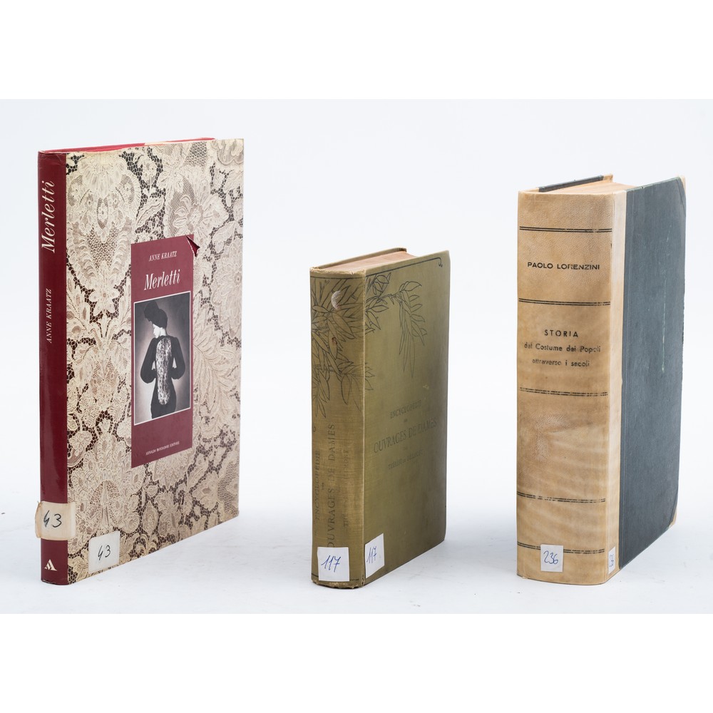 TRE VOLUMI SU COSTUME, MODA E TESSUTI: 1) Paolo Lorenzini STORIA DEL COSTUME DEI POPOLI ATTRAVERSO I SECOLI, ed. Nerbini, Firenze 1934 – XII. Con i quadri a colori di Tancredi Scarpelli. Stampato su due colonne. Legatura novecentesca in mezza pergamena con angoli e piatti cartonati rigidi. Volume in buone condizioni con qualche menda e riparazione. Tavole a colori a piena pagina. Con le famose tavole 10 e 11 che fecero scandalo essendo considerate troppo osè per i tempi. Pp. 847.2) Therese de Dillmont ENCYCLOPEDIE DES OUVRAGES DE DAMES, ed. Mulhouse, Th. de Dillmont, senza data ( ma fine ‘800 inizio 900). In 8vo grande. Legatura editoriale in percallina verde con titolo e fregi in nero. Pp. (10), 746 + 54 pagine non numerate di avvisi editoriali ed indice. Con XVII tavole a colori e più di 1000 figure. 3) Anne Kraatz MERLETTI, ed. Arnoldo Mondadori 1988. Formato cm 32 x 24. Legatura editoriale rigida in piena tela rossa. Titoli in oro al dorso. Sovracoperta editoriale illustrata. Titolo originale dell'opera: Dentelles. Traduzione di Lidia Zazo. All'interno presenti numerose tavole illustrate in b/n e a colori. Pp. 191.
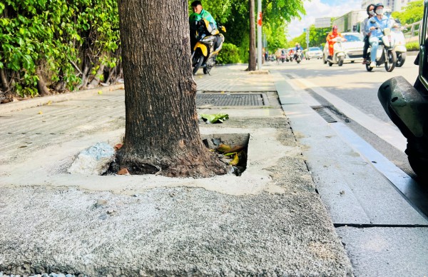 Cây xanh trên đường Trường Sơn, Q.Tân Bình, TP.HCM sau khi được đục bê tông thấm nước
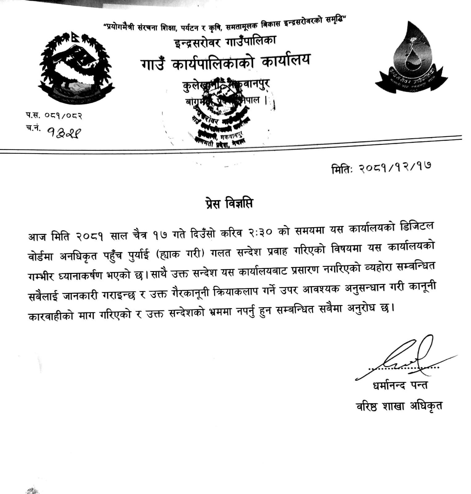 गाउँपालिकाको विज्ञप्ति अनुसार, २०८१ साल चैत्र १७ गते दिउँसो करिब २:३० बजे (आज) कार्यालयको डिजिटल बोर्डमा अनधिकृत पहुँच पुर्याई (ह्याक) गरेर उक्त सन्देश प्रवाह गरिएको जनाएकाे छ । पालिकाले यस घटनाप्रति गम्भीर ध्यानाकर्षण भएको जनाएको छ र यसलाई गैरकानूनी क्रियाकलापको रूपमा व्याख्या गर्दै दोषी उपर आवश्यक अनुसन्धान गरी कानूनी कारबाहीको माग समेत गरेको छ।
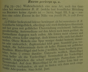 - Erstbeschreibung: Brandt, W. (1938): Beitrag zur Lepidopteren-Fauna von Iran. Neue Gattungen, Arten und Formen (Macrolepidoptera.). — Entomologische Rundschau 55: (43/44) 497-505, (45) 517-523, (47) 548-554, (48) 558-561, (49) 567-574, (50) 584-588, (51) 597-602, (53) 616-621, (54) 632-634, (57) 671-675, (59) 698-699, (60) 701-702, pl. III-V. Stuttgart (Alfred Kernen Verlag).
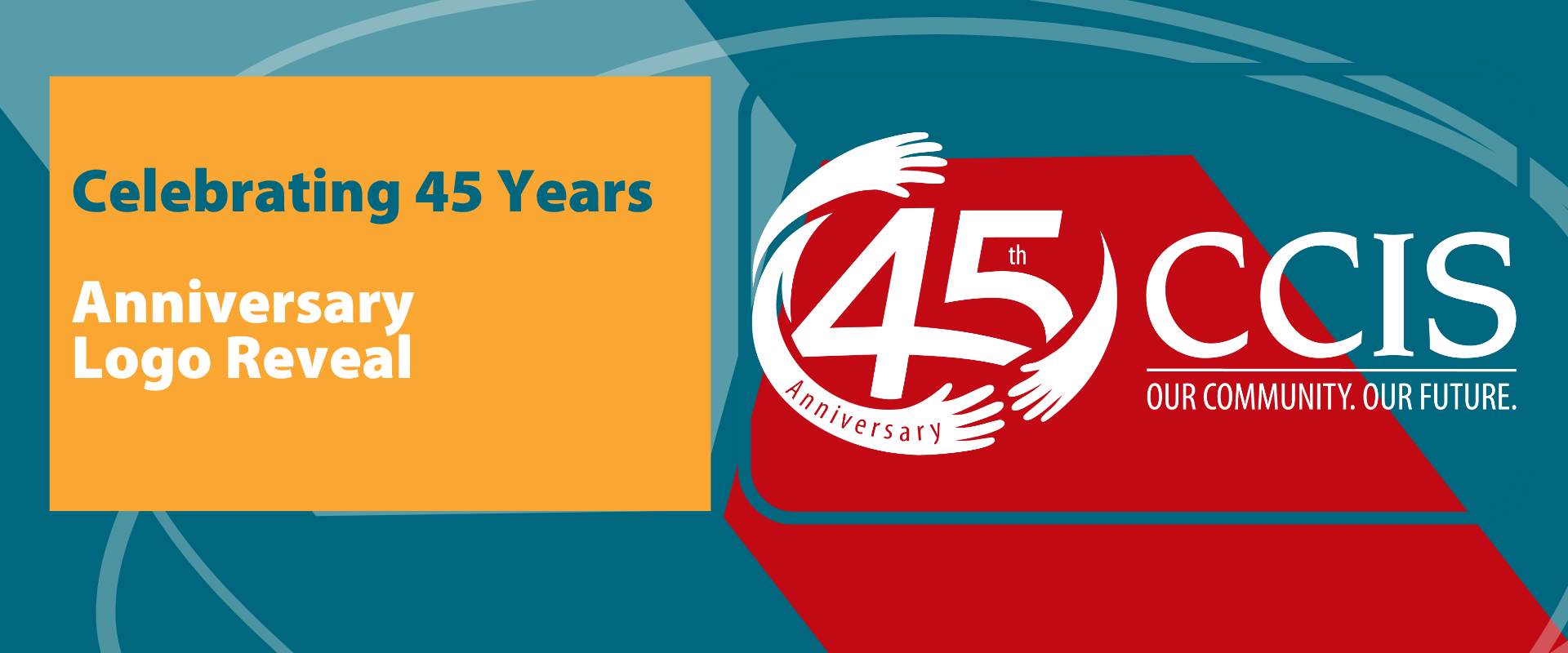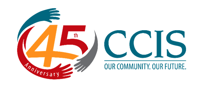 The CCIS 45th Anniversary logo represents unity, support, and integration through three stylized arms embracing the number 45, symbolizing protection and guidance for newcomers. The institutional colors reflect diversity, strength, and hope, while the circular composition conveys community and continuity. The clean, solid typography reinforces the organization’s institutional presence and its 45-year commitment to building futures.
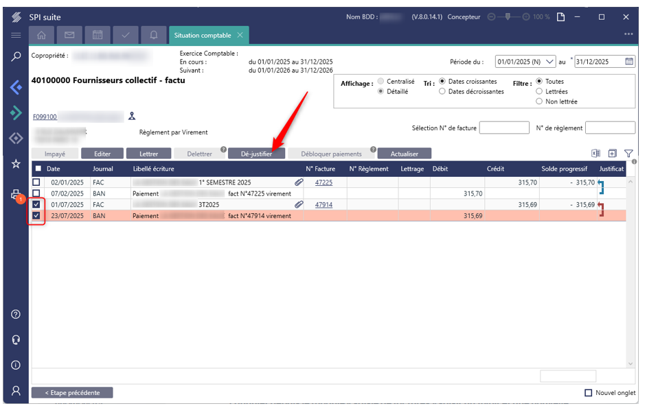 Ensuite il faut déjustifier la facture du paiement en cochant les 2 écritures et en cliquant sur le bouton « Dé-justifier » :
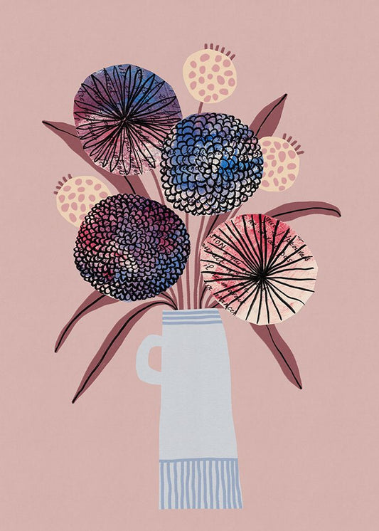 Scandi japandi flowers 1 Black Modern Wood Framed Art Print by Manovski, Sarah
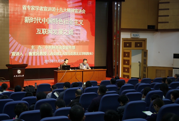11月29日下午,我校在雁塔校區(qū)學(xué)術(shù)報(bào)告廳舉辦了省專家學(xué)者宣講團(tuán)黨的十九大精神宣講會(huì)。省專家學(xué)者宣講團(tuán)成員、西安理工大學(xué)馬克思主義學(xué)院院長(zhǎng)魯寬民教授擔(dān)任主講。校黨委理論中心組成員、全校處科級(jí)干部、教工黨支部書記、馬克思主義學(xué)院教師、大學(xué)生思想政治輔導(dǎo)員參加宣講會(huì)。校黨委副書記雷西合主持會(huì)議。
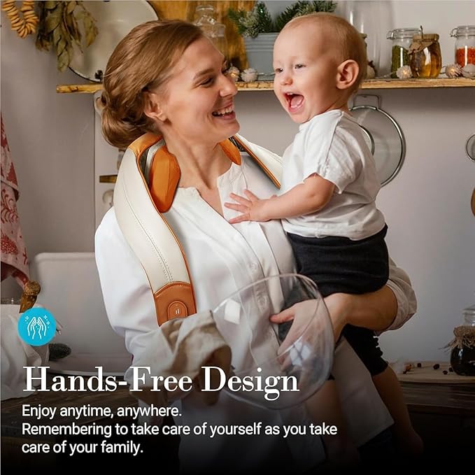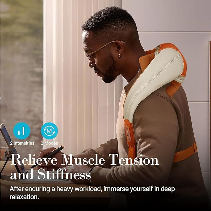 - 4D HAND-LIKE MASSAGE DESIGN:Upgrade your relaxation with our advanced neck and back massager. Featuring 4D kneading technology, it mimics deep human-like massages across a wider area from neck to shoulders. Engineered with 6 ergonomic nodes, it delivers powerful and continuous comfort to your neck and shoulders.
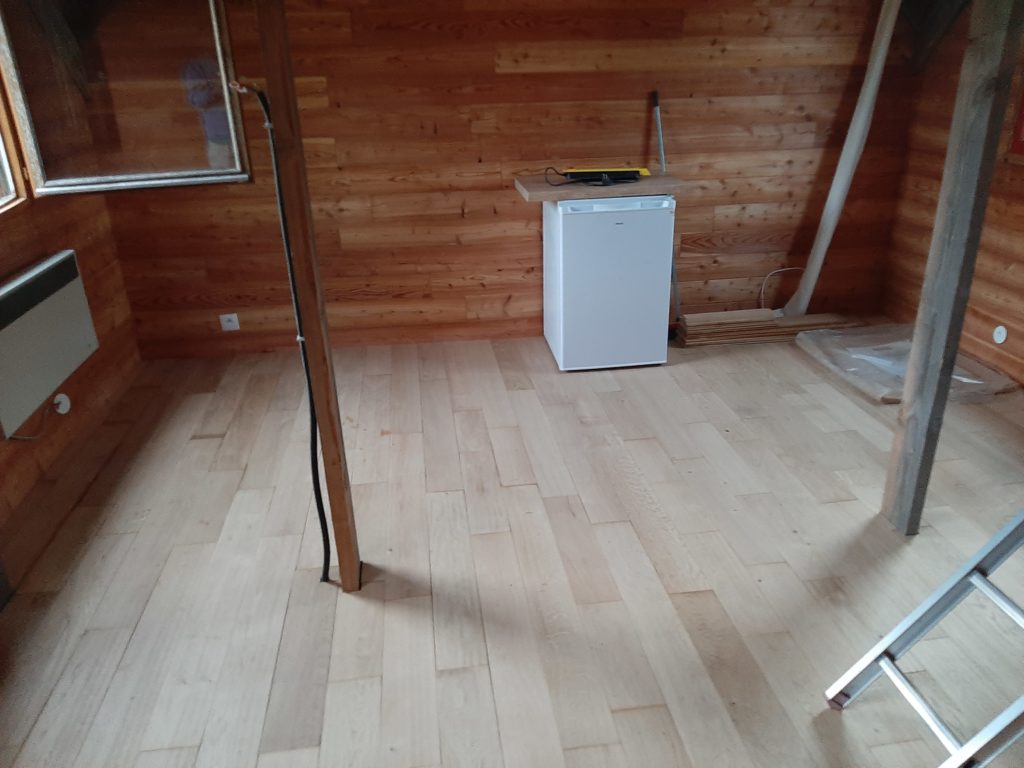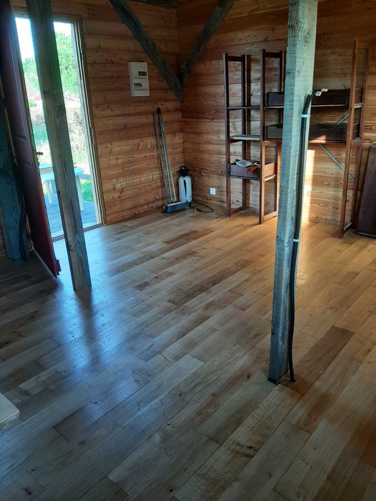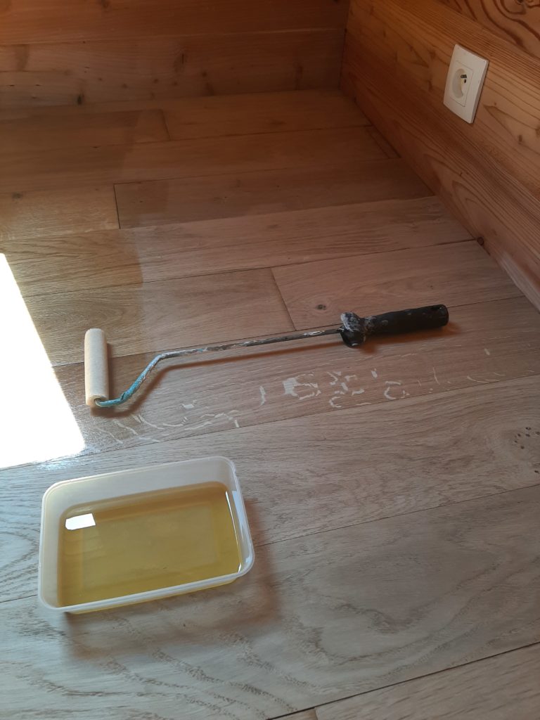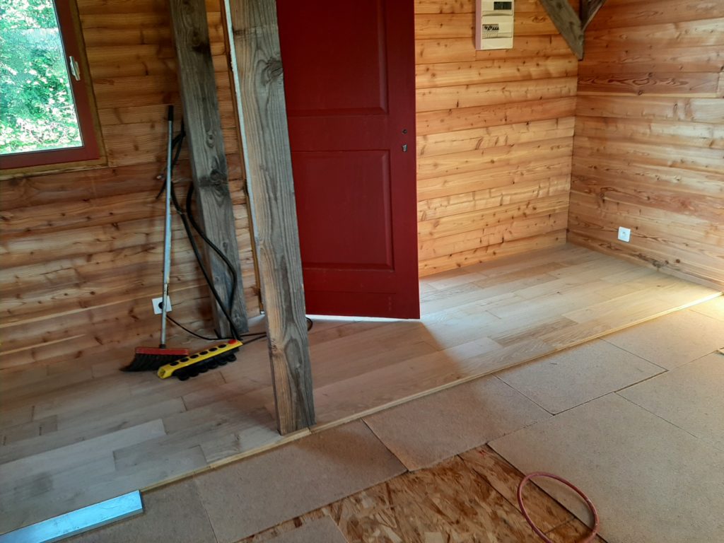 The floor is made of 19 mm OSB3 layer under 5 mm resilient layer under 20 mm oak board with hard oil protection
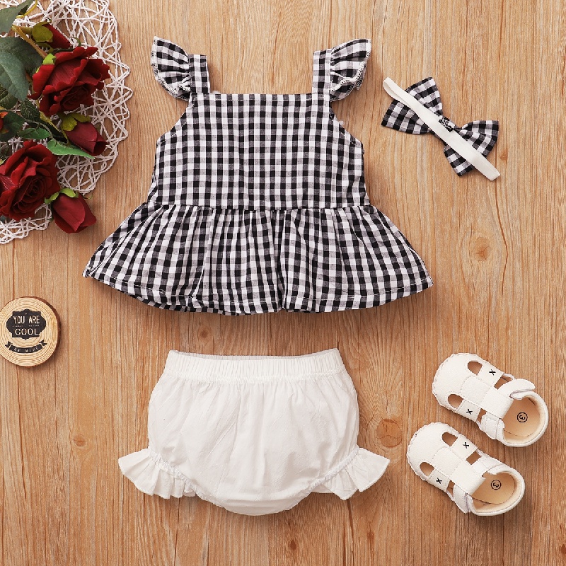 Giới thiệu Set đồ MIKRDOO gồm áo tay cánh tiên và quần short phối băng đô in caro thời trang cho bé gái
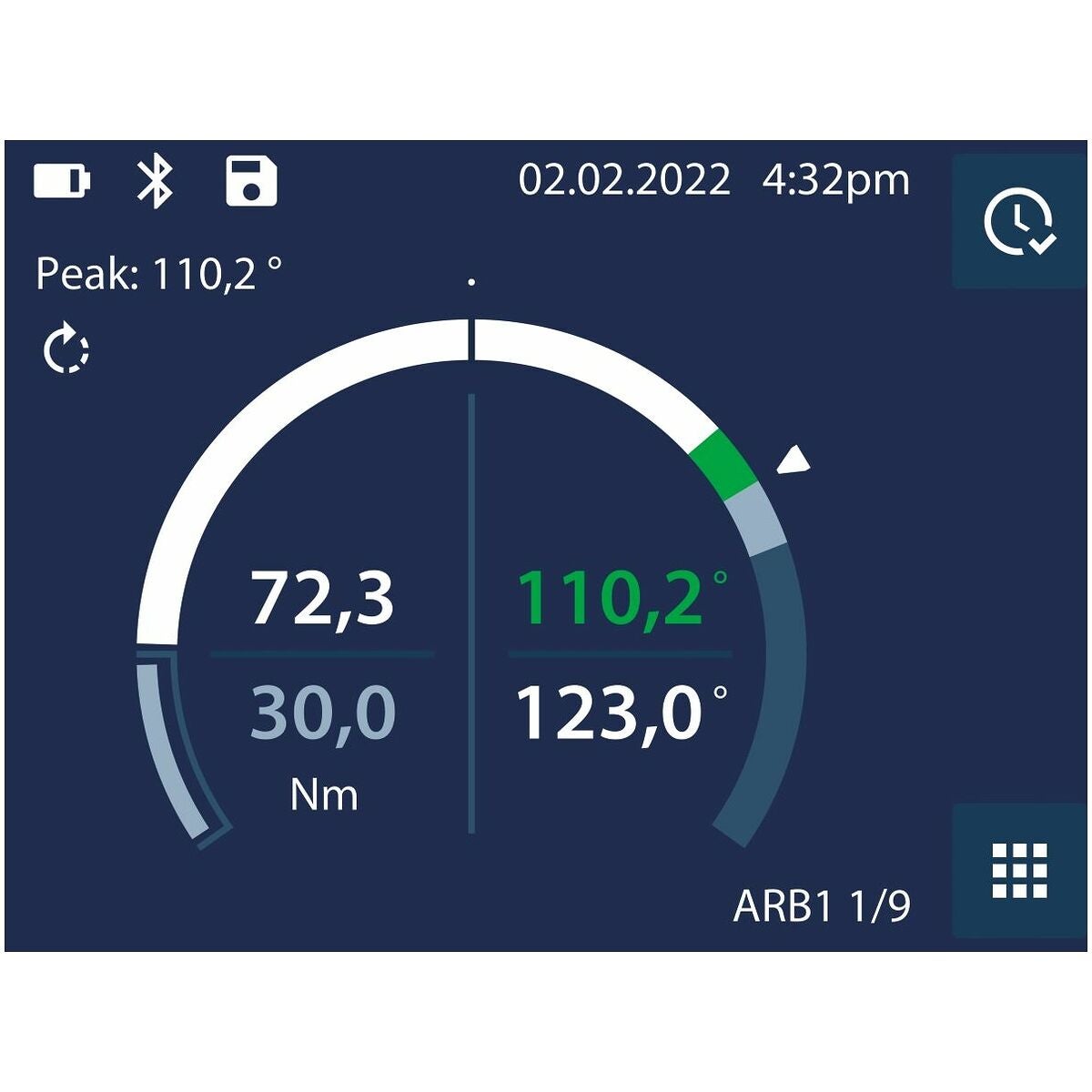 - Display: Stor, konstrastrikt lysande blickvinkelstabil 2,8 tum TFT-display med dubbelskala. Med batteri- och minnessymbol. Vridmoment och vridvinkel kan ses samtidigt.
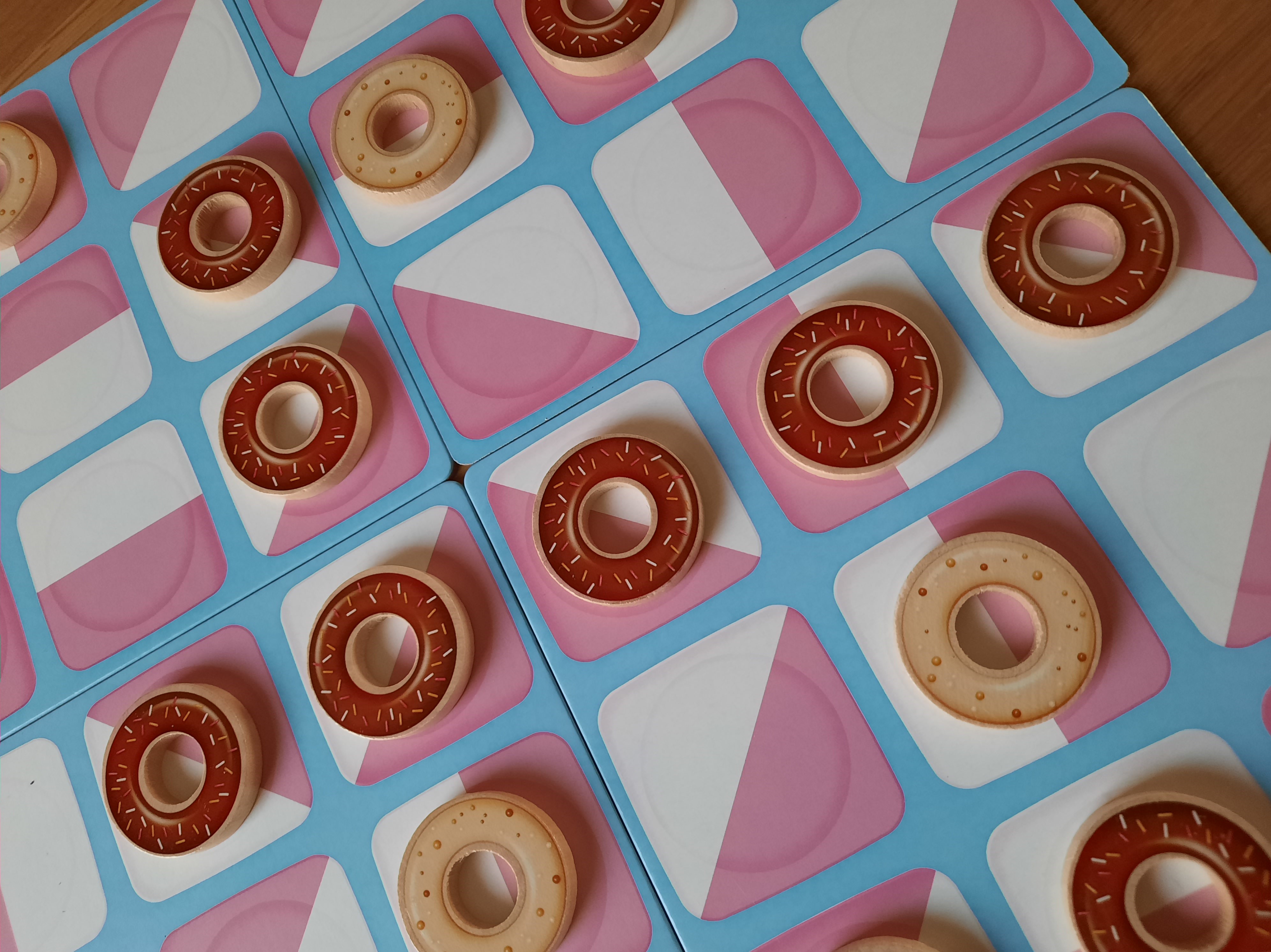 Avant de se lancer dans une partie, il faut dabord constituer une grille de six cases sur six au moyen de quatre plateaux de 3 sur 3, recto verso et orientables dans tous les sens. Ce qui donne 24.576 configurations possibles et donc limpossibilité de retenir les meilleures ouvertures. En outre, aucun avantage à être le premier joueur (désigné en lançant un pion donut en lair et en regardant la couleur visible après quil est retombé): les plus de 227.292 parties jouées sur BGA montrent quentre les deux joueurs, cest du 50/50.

## Instructions to follow
Write down exactly what the lines above say, from the line holding "The CCIS 45th" through the line holding "11月29日下午,我校在雁塔", and nothing more. Do not copy the pictures.

## Exercise result
 The CCIS 45th Anniversary logo represents unity, support, and integration through three stylized arms embracing the number 45, symbolizing protection and guidance for newcomers. The institutional colors reflect diversity, strength, and hope, while the circular composition conveys community and continuity. The clean, solid typography reinforces the organization’s institutional presence and its 45-year commitment to building futures.
 Ensuite il faut déjustifier la facture du paiement en cochant les 2 écritures et en cliquant sur le bouton « Dé-justifier » :
 Scandi japandi flowers 1 Black Modern Wood Framed Art Print by Manovski, Sarah
11月29日下午,我校在雁塔校區(qū)學(xué)術(shù)報(bào)告廳舉辦了省專家學(xué)者宣講團(tuán)黨的十九大精神宣講會(huì)。省專家學(xué)者宣講團(tuán)成員、西安理工大學(xué)馬克思主義學(xué)院院長(zhǎng)魯寬民教授擔(dān)任主講。校黨委理論中心組成員、全校處科級(jí)干部、教工黨支部書記、馬克思主義學(xué)院教師、大學(xué)生思想政治輔導(dǎo)員參加宣講會(huì)。校黨委副書記雷西合主持會(huì)議。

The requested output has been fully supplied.